[[ Data listing, beginning ]]

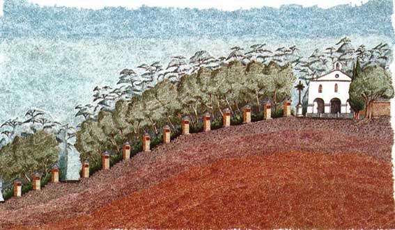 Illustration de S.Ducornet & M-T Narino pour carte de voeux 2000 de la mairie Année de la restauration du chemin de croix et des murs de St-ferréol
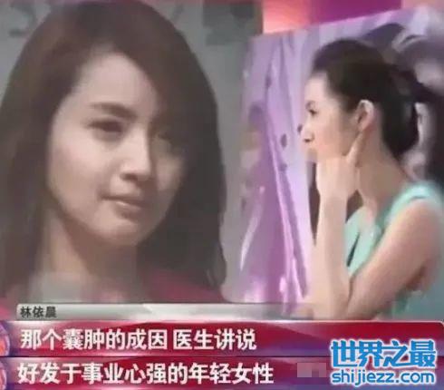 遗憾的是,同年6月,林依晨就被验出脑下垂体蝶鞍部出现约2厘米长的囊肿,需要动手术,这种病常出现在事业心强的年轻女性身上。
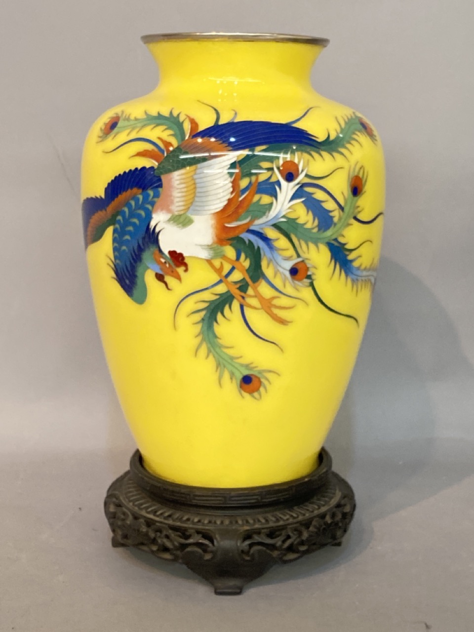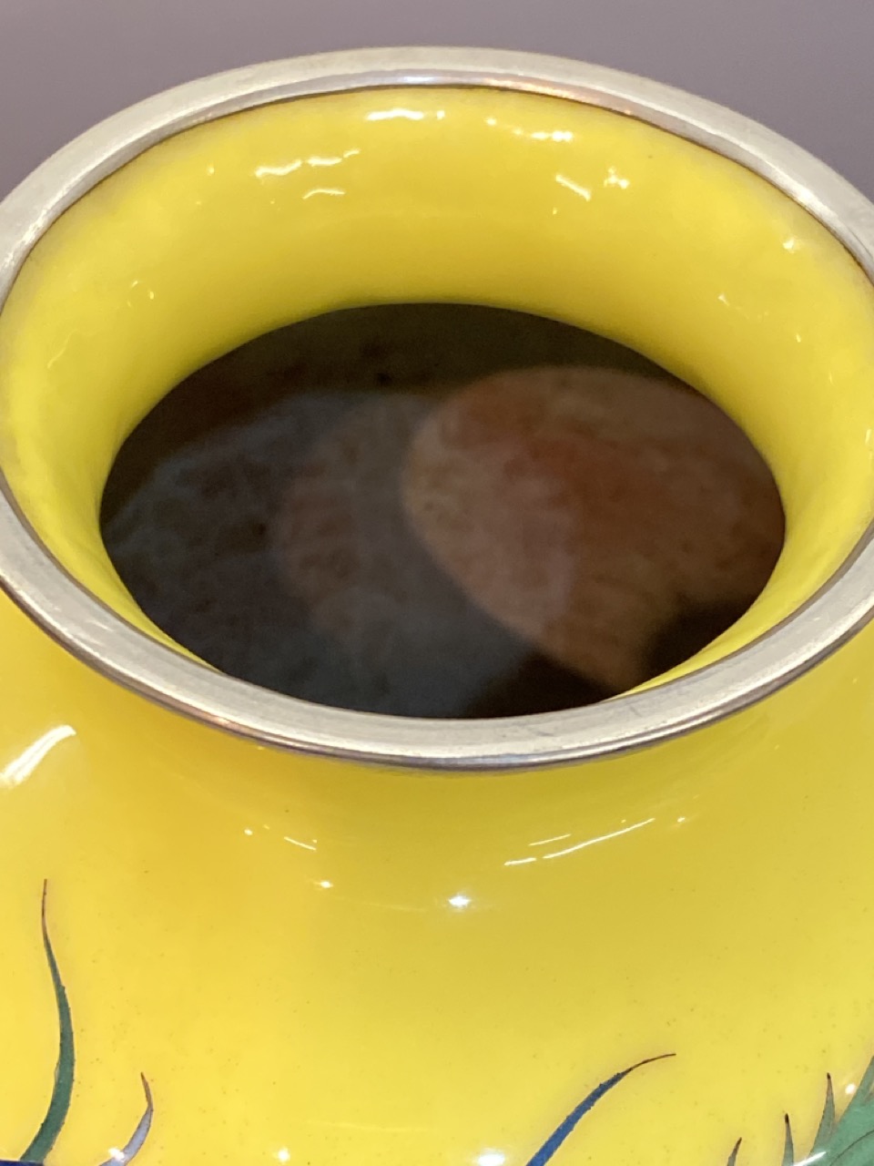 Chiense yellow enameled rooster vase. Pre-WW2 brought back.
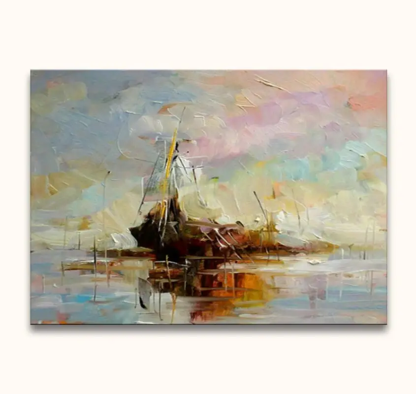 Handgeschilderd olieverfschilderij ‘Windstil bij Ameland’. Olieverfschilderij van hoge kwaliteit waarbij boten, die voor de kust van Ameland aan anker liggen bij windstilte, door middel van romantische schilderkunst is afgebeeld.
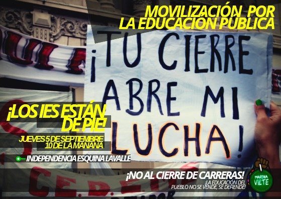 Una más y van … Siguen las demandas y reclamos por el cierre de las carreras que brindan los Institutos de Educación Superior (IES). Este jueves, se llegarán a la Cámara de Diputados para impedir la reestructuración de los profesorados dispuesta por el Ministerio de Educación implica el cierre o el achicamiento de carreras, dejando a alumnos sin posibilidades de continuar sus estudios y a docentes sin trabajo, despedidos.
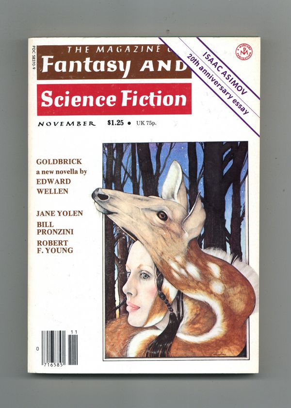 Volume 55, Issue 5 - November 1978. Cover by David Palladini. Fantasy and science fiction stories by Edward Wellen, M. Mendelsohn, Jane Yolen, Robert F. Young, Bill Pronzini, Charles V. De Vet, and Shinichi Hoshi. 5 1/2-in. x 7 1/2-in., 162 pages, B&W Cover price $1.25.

[[ Data listing, end ]]
[[ Data listing, beginning ]]

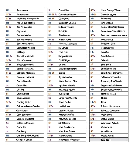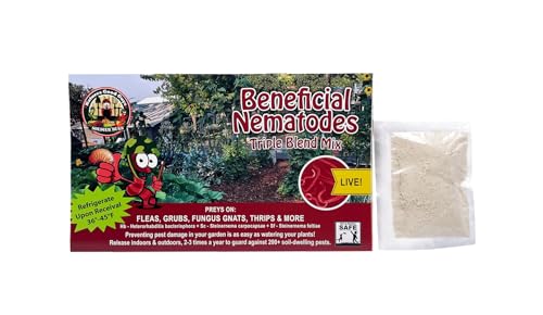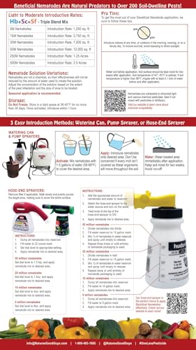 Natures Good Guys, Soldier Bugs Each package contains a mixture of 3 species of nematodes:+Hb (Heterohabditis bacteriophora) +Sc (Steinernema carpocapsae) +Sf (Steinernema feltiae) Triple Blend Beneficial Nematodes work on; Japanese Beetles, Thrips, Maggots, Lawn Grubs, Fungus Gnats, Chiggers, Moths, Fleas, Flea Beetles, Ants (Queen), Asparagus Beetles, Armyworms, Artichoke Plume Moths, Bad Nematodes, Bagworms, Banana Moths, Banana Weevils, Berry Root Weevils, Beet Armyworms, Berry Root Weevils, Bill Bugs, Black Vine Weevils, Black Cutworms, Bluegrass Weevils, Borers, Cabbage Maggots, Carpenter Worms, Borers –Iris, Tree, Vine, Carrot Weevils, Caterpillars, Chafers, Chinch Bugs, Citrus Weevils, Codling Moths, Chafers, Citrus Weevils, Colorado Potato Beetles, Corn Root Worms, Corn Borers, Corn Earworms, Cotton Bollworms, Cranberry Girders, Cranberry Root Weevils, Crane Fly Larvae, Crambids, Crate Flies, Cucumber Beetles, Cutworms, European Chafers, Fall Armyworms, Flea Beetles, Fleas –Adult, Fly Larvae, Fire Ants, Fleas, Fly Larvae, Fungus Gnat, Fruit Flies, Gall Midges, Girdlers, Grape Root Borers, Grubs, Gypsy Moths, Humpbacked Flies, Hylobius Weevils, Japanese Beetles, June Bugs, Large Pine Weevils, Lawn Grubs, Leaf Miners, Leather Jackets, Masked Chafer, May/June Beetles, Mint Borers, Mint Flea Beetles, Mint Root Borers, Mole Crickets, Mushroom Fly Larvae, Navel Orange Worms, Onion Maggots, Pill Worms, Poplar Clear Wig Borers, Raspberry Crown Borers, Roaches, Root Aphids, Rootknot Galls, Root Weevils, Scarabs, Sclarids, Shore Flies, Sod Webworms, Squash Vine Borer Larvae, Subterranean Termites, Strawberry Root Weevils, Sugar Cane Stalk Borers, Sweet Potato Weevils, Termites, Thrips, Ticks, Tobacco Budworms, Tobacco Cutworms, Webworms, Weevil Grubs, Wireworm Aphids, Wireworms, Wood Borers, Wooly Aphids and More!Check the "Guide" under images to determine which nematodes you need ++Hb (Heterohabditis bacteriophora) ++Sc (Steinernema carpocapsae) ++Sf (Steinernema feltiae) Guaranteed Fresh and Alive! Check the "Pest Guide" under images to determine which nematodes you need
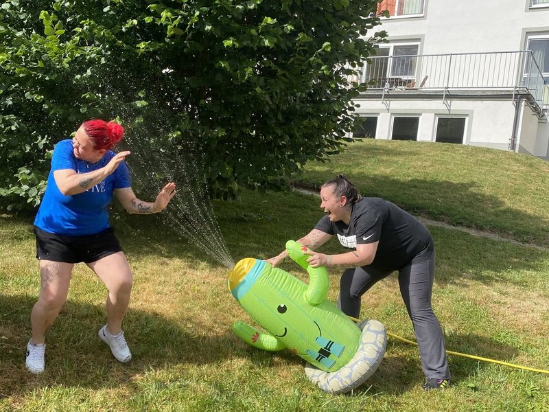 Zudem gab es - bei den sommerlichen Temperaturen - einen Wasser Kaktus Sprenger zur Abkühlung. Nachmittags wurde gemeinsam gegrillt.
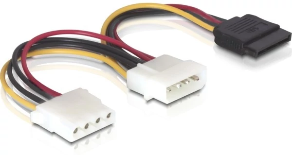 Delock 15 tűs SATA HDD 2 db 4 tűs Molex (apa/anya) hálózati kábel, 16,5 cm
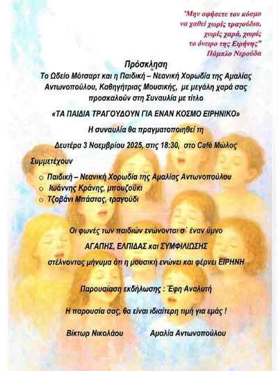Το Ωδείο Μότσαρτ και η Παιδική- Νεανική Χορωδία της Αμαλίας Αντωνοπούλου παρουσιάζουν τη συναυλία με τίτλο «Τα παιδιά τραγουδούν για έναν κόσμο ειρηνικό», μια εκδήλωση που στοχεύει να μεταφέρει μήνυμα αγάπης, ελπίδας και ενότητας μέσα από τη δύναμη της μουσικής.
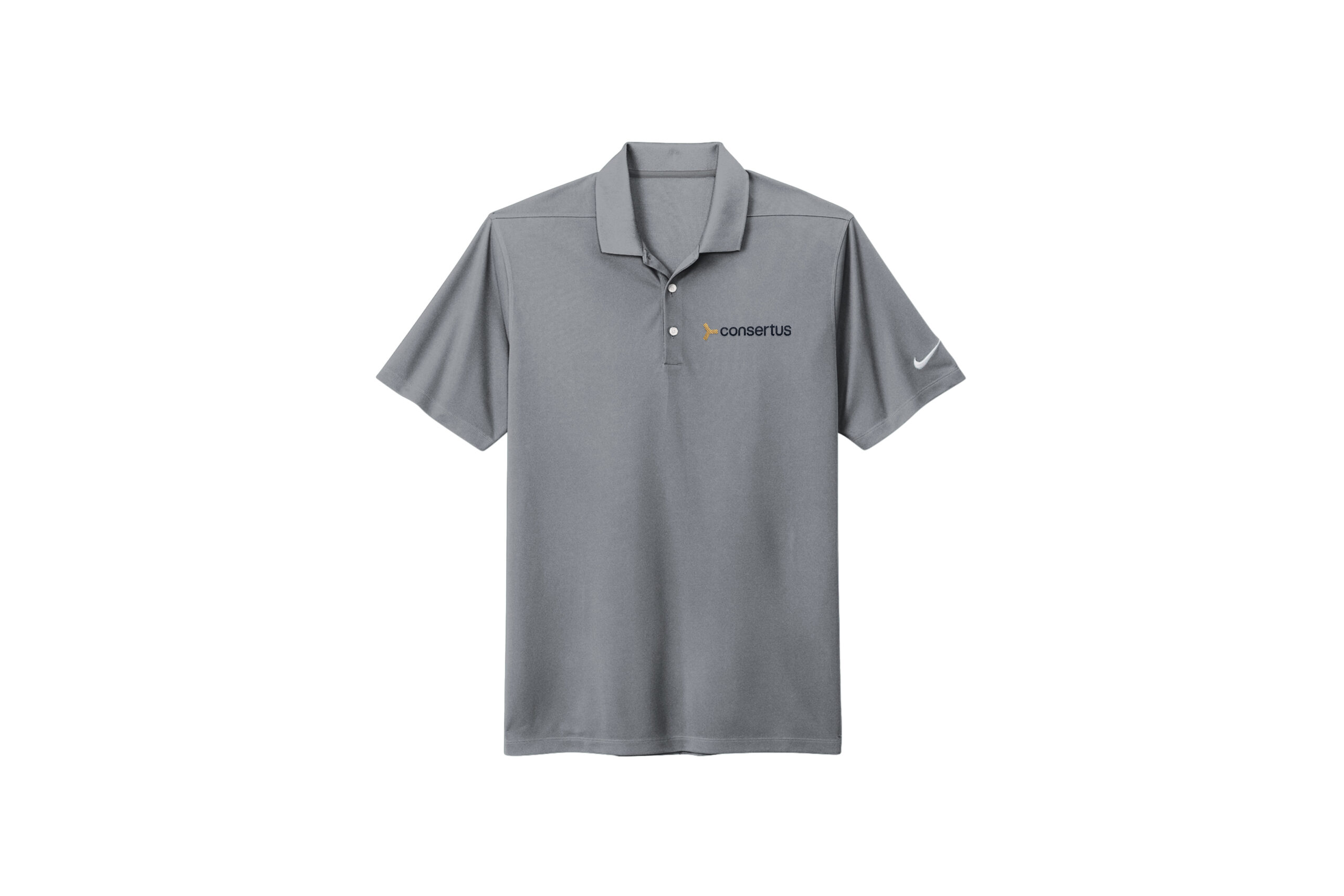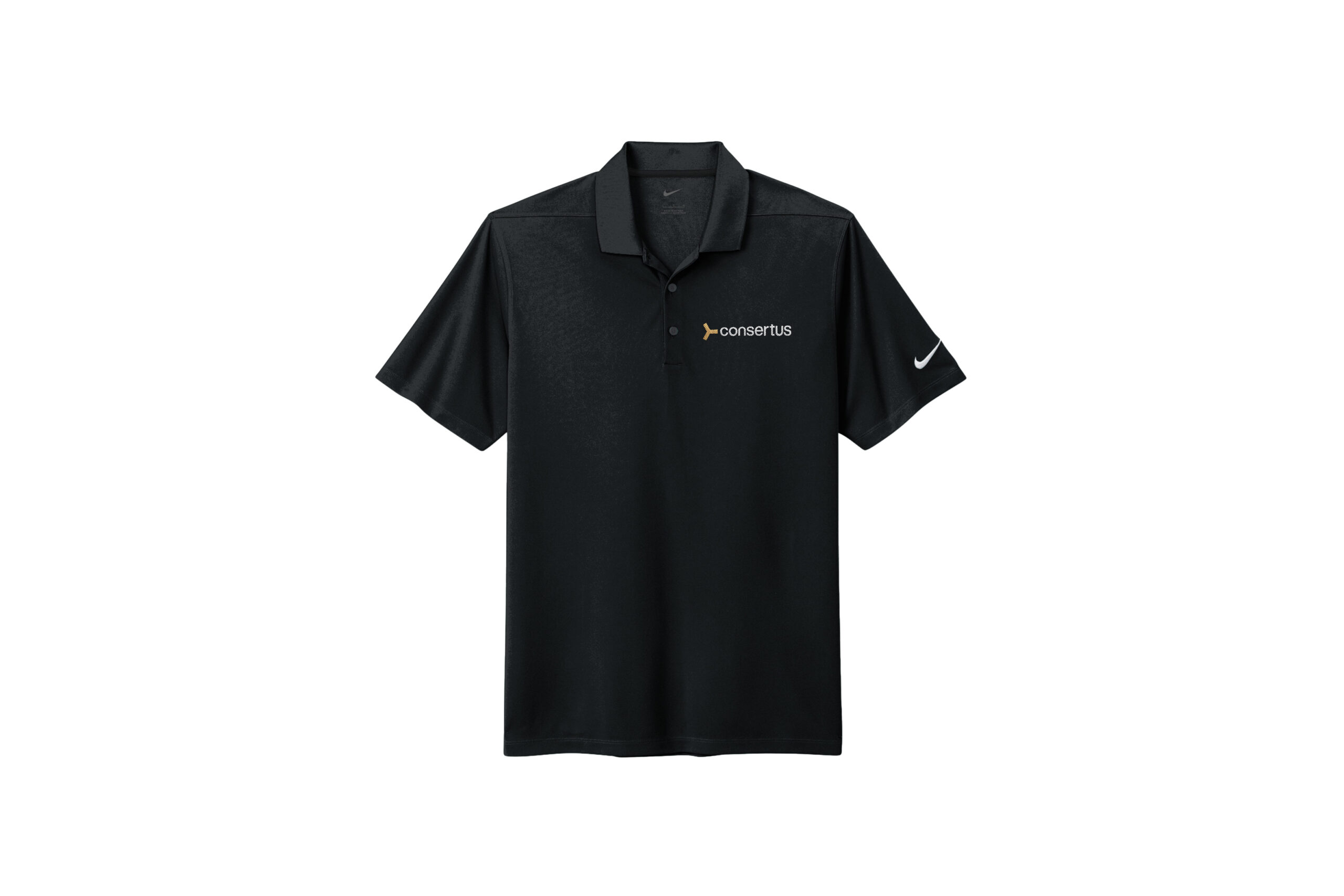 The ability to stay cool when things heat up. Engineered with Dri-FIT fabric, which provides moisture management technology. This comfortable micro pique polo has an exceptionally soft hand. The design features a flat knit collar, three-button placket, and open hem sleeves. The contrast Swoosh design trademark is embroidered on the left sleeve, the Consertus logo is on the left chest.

[[ Data listing, end ]]
[[ Data listing, beginning ]]

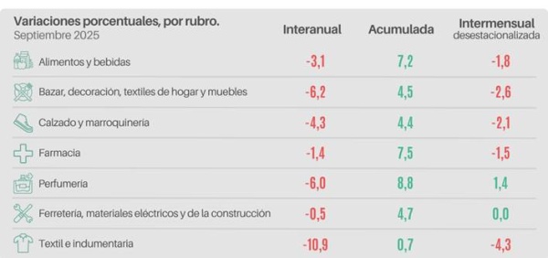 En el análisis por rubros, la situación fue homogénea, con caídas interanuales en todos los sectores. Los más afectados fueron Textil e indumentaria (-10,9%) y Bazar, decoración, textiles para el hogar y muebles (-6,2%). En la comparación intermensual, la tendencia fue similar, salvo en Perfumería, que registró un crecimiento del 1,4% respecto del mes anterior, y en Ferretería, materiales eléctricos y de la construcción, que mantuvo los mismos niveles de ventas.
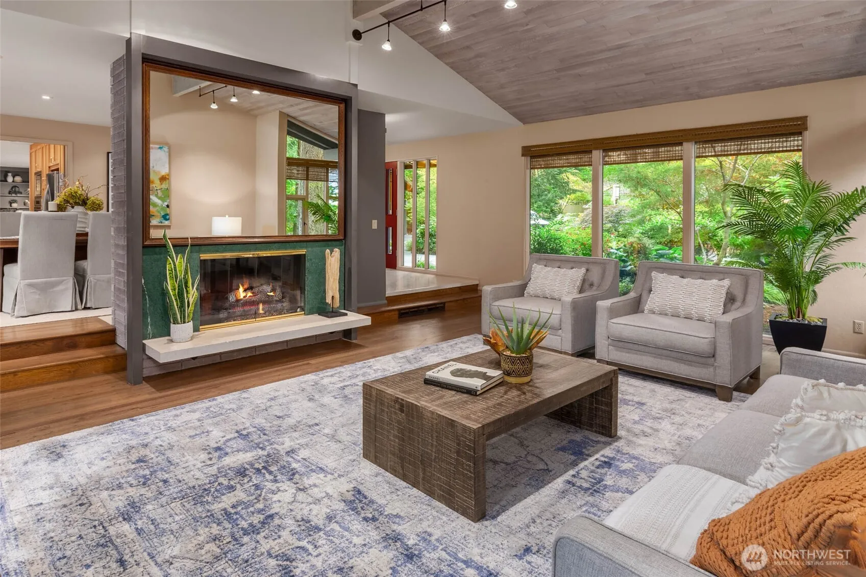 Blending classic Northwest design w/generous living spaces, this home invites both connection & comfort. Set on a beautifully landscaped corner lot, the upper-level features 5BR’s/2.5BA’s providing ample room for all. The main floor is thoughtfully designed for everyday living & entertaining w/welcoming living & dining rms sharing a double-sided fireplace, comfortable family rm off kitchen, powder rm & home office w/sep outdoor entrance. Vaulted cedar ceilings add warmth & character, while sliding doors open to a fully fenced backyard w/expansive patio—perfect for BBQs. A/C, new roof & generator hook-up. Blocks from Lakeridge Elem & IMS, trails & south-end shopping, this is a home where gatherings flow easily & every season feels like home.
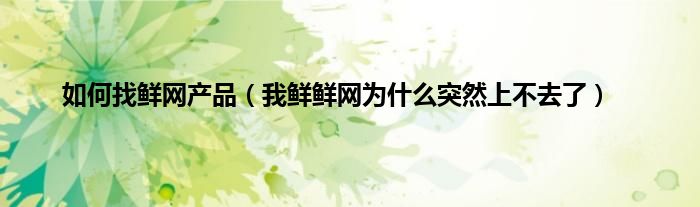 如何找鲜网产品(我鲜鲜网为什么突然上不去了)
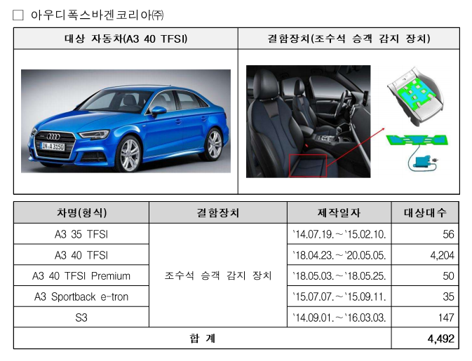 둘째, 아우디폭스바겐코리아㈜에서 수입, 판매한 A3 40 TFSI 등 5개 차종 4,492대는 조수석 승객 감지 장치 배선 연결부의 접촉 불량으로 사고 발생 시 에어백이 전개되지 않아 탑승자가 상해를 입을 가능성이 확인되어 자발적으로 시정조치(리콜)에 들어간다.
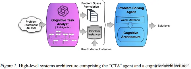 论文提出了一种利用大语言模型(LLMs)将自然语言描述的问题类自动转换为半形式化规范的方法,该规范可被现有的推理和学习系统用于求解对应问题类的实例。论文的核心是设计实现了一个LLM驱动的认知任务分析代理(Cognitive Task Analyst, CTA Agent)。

[[ Data listing, end ]]

Work instruction: Quote word for word only the lines above from the one containing "Zudem gab es" through the one containing "The ability to". Pictures stay out of your copy.

Result below:
 Zudem gab es - bei den sommerlichen Temperaturen - einen Wasser Kaktus Sprenger zur Abkühlung. Nachmittags wurde gemeinsam gegrillt.
 Delock 15 tűs SATA HDD 2 db 4 tűs Molex (apa/anya) hálózati kábel, 16,5 cm
Το Ωδείο Μότσαρτ και η Παιδική- Νεανική Χορωδία της Αμαλίας Αντωνοπούλου παρουσιάζουν τη συναυλία με τίτλο «Τα παιδιά τραγουδούν για έναν κόσμο ειρηνικό», μια εκδήλωση που στοχεύει να μεταφέρει μήνυμα αγάπης, ελπίδας και ενότητας μέσα από τη δύναμη της μουσικής.
 The ability to stay cool when things heat up. Engineered with Dri-FIT fabric, which provides moisture management technology. This comfortable micro pique polo has an exceptionally soft hand. The design features a flat knit collar, three-button placket, and open hem sleeves. The contrast Swoosh design trademark is embroidered on the left sleeve, the Consertus logo is on the left chest.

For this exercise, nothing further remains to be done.